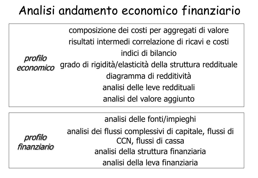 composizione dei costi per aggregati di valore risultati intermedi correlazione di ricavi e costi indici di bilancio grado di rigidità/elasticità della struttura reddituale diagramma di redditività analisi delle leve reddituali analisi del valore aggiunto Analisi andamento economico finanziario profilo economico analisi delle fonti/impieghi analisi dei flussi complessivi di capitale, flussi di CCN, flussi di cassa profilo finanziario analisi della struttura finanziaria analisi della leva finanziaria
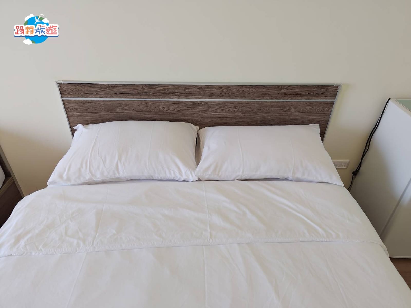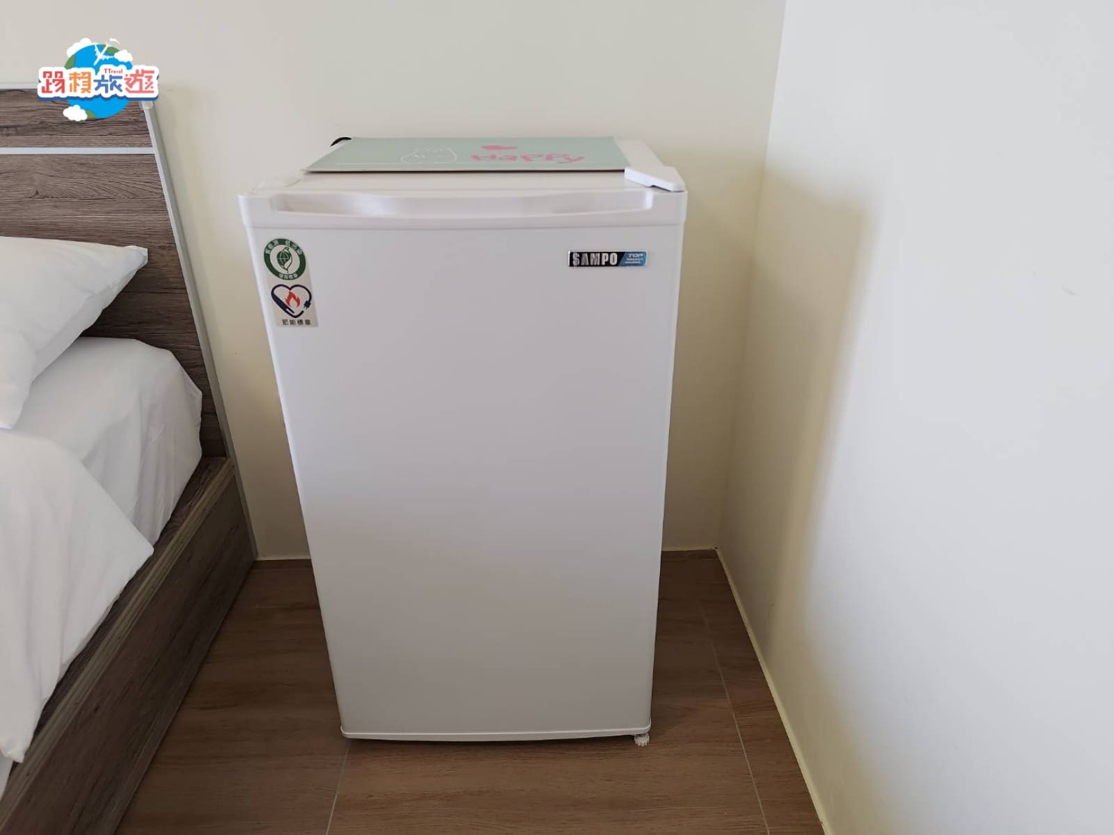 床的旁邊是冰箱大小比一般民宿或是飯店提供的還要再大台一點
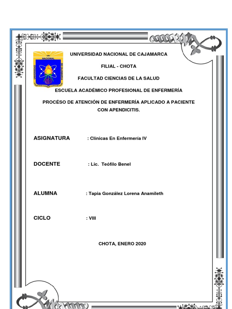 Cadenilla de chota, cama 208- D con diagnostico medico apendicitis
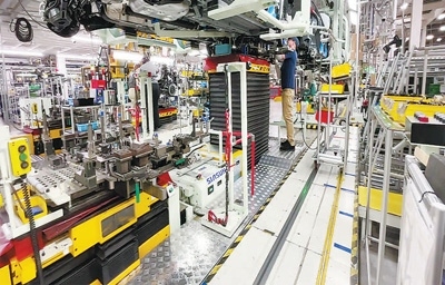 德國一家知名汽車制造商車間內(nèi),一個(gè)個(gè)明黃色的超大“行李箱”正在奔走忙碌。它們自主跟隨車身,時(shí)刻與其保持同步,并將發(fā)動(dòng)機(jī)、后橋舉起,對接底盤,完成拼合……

What is needed: Transcribe the data verbatim. No picture belongs in the result.

Answer section:
 composizione dei costi per aggregati di valore risultati intermedi correlazione di ricavi e costi indici di bilancio grado di rigidità/elasticità della struttura reddituale diagramma di redditività analisi delle leve reddituali analisi del valore aggiunto Analisi andamento economico finanziario profilo economico analisi delle fonti/impieghi analisi dei flussi complessivi di capitale, flussi di CCN, flussi di cassa profilo finanziario analisi della struttura finanziaria analisi della leva finanziaria
 床的旁邊是冰箱大小比一般民宿或是飯店提供的還要再大台一點
 Cadenilla de chota, cama 208- D con diagnostico medico apendicitis
 德國一家知名汽車制造商車間內(nèi),一個(gè)個(gè)明黃色的超大“行李箱”正在奔走忙碌。它們自主跟隨車身,時(shí)刻與其保持同步,并將發(fā)動(dòng)機(jī)、后橋舉起,對接底盤,完成拼合……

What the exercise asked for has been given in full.